Copying is inevitable. Great artists steal.

But as someone who marveled at the Handspring Treo, the BlackBerry, the iPhone, the Palm Pre, and the Nexus One, seeing the perpetual lack of innovation exhibited by Samsung is disheartening. Call Apple's litigations "anti-innovation" all you want, but how can you not recognize copying threatens innovation just as much as over-litigation, if not more? How can you not see how its end result is a depressing future filled with me-too products that do everything but delight and inspire?

I'm not ready to be done yet. I'm not ready to concede that the iPhone at Macworld or the Pre at CES are the last time I'll truly be amazed by leaps forward in mobile. I'm not ready to accept a years-long drought filled with cheap knock-offs and increasingly conventional, commodity devices.
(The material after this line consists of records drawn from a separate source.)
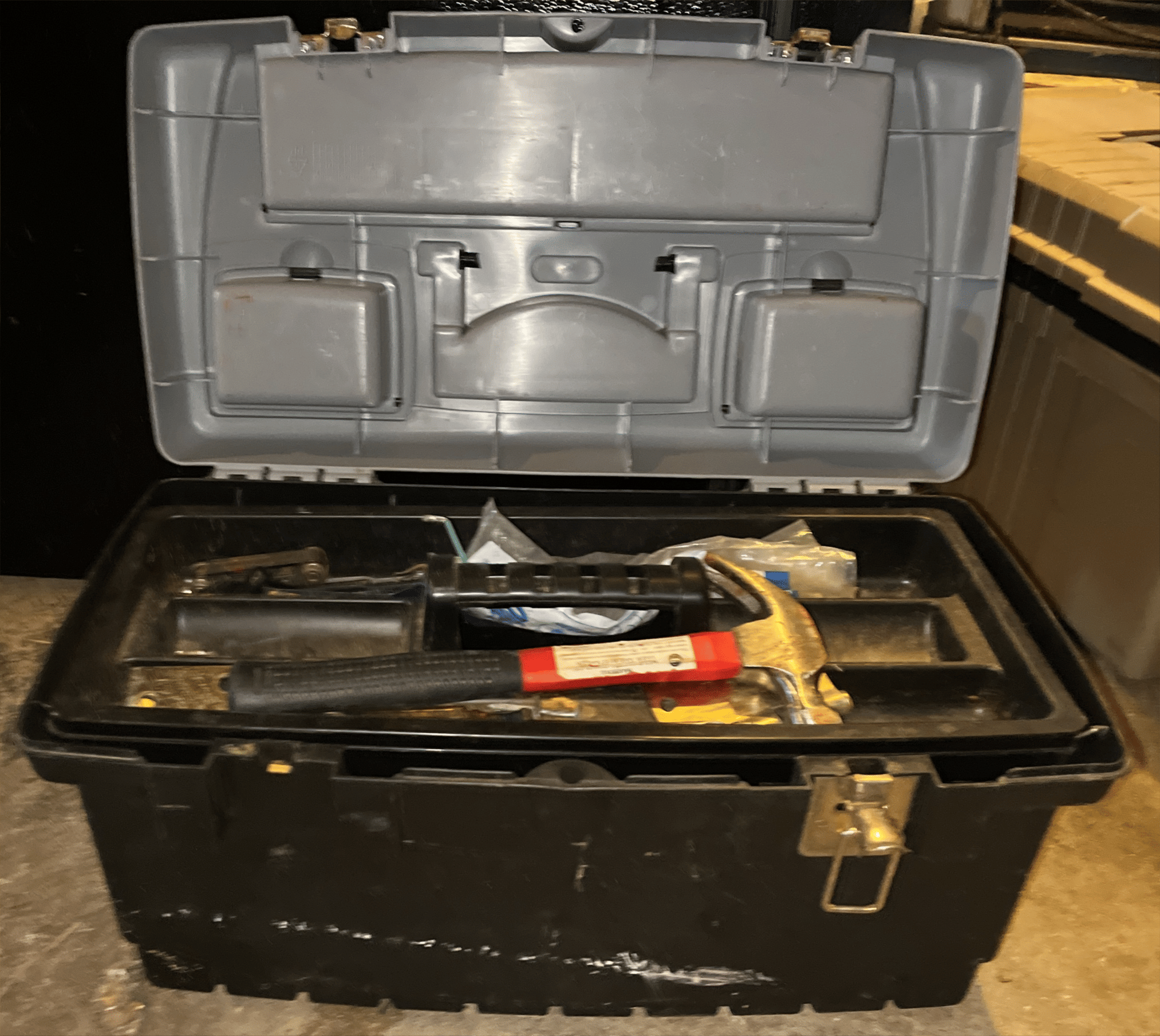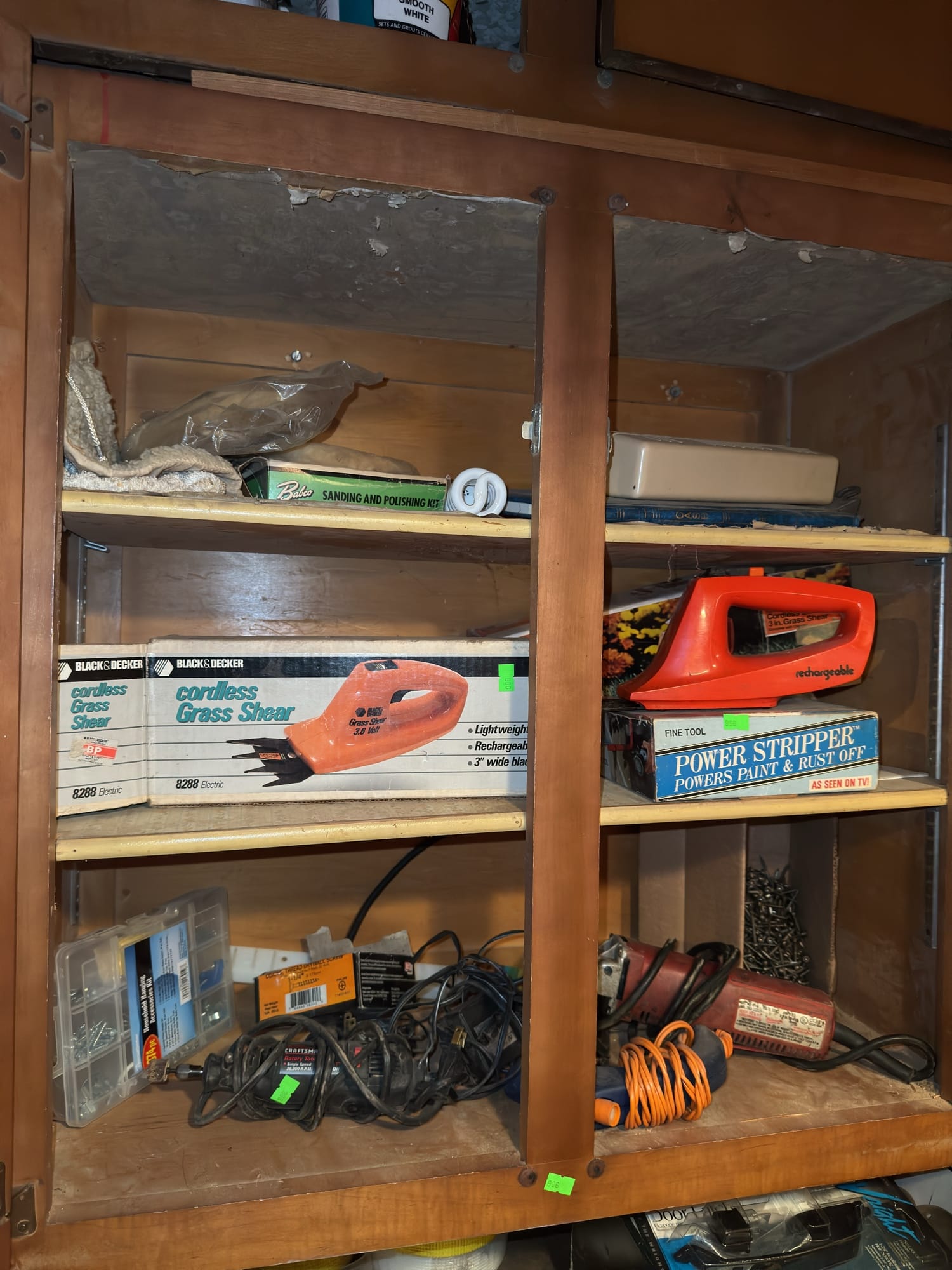 996 Grass shears, power stripper, rotary tool, Milwaukee 4” angle grinder, misc. contents of cabinet
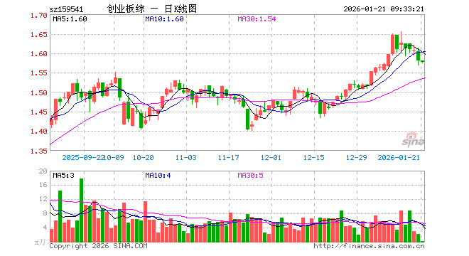 1月21日,创业板综ETF万家(159541)开盘涨0.00%,报1.580元。创业板综ETF万家(159541)重仓股方面,宁德时代开盘涨0.67%,中际旭创涨0.21%,东方财富跌0.04%,新易盛涨0.12%,迈瑞医疗跌0.05%,阳光电源涨0.06%,胜宏科技跌0.24%,汇川技术跌0.29%,蓝思科技跌1.12%,亿纬锂能跌0.50%。
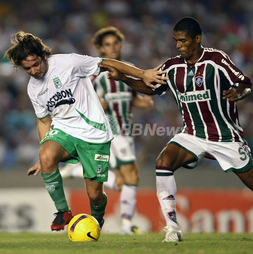 【5月7日 AFP】サッカー、リベルタドーレス杯2008(Copa Libertadores de America 2008)決勝トーナメント1回戦、フルミネンセ(Fluminense、ブラジル)vsアトレティコ・ナシオナル(Atletico Nacional、コロンビア)第2戦。試合はフルミネンセが1-0でアトレティコ・ナシオナルを下し、2戦合計スコアを3-1としたフルミネンセが準々決勝へ進出を決めた。(c)AFP
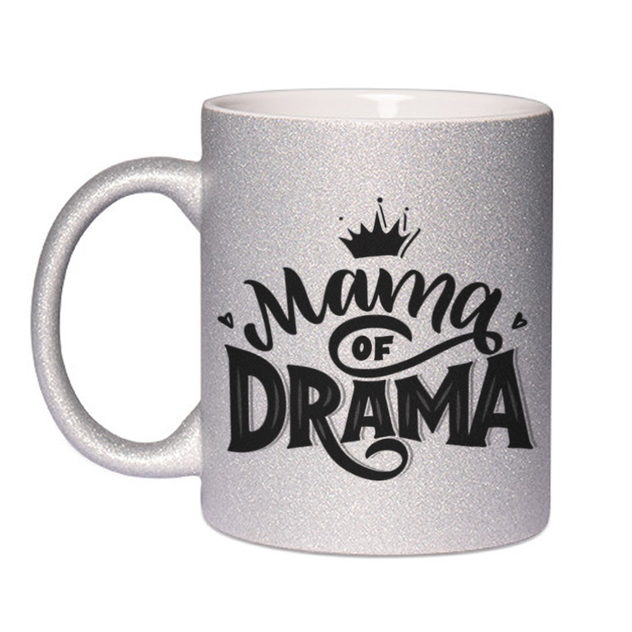 Kruus on saadaval seitsmes erinevas värvitoonis, milleks on: hele- ja tumesinine, hele- ja tume kuld ning roosa, lilla ja hõbe. Tassi ühel poolel on lahe visuaal kirjaga “Mama of drama”, teisele poole saad lisada näiteks kruusi omaniku nime.
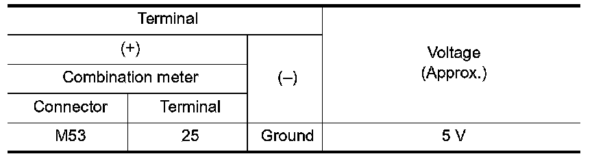 5. Check voltage between combination meter harness connector terminal and ground.

I bought and owned a Nexus One. I bought and own a Nexus 7. I'd buy and own another HTC or Motorola Nexus in a heartbeat. I've never had the slightest urge to buy or own a Samsung mobile device -- because I already have a Treo and an iPhone, an iPad and a Palm Pre.

I would love to add a Samsung device to that list, an original, novel, inspiring take on mobile from one of the giants of the industry. The Galaxy Note and the upcoming Galaxy Note 10.1 are a start, but there has to be something beyond "with a stylus". There has to be a Samsung device that could be, for once, at the head of the design curve. A Samsung device that other manufacturers look to for inspiration and take their turn in copying outright.

Regardless of how the Apple vs Samsung trial turns out, that's the challenge Samsung faces. To move from replication to innovation. To take their place as not only a market leader but an industry leader. To stop copying the present and claim a role in shaping the future.

Apple II. Mac. iTunes. iPod. iPhone. iPad. Apple's has done it over and over again. Trinitron. Walkman. Sony has done it too, as have others.

Samsung has a chance next year. No doubt there'll be a Galaxy S4/Galaxy S IV, and no doubt Samsung is already planning it. They have a chance to zag instead of zig, to do something as original as Apple did in 2007 and Palm did in 2009. I sincerely hope they take it.

I hope they put a Samsung shaped dent in the universe.